What can travelers do to protect themselves?

Because monkeypox spreads through contact with animals or humans infected with the virus, CDC advises travelers to Nigeria to take the following steps to prevent illness:

  • Wash your hands often with soap and water.
  • Do not touch your eyes, nose, or mouth. If you need to touch your face, make sure your hands are clean.
  • Avoid close contact with ill people.
  • Avoid contact with wild animals or wild animal products or meat (such as bushmeat) that could harbor the virus (including sick or dead animals found in areas where monkeypox occurs).
  • Avoid contact with any materials, such as bedding, that have been in contact with a sick person or animal.

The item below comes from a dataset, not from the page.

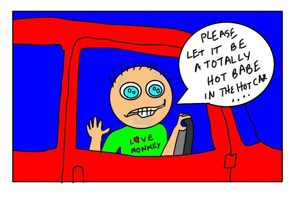 The moment before utter despair set in in a teenage boy'sheart. Poor kid.There was not a hot babe driving it. There was a short, middle aged Fat Woman driving it. His little teenage heart was immediately broken. You could see it in his face. He was well and truly crestfallen. This was the moment in time when I realized that I shouldn't be driving an antique sports car anymore. (That and the fact that every time it broke it needed a minimum of $100 to fix it.)

If you feel sick and think you may have monkeypox:

  • Seek medical care right away.
    • Before you go to a doctor’s office or emergency room, tell the doctor about your recent travel and your symptoms. 
  • Cover your mouth and nose with a tissue or your sleeve (not your hands) when coughing or sneezing.

Clinician Information

To prevent monkeypox transmission in health care settings, apply a combination of standard, contact, and droplet infection control precautions when a patient with an appropriate travel history presents with fever and vesicular/pustular rash. CDC also recommends implementing airborne precautions and notifying infection control personnel immediately.